Despite the fact that the population's awareness of coronary heart disease is high, few people still adhere to a healthy lifestyle in order to avoid the development of the problem.

Symptoms of the disease

Every person should know the main symptoms of this disease, since the earlier it was detected and steps were taken to improve the condition, the better it will be for the person himself.

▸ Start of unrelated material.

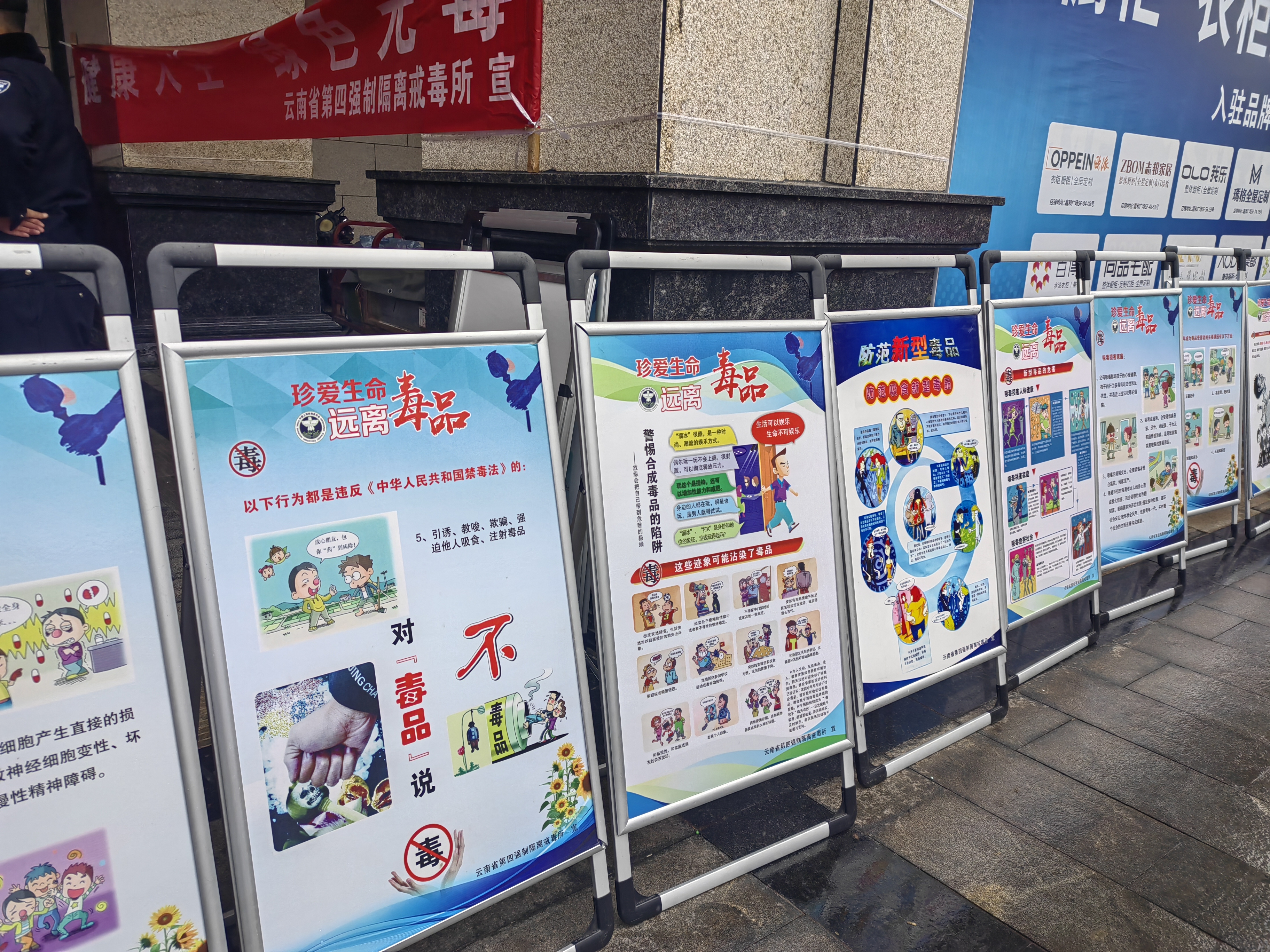 为了让大家更容易理解,警官们除了特地准备了一些仿真毒品外,还摆放了宣传展板、为过往市民发放宣传册,面对疑问,警官们也是一一解答。

So, the main symptoms of IBS include:

  • Painful sensations behind the sternum, which can be either pressing or squeezing. Mostly they are not strong, but still force a person, for example, to stop while walking
  • Burning sensation in the heart area
  • Painful sensations that appear at the moment when a person leaves the room in the cold
  • Attacks of pain can happen at any time; there is no clear dependence on day and night. True, many patients note that pain most often appears in autumn or winter, when the weather is very unstable and atmospheric pressure is constantly changing
  • The pain usually gets worse if the person wants to lie down. But if he sits down or stands up, the pain will either subside or go away altogether

It should also be said that attacks can occur either once a week or once every six months. But with a severe stage of the disease, they can occur every day, forcing a person to change his lifestyle.

Treatment of the disease. Nutrition

Quite often, many problems can be solved by changing your diet. And IBS is no exception. Of course, adding some products will not completely get rid of the disease, but it will significantly improve the condition and reduce the number of painful attacks quite possibly.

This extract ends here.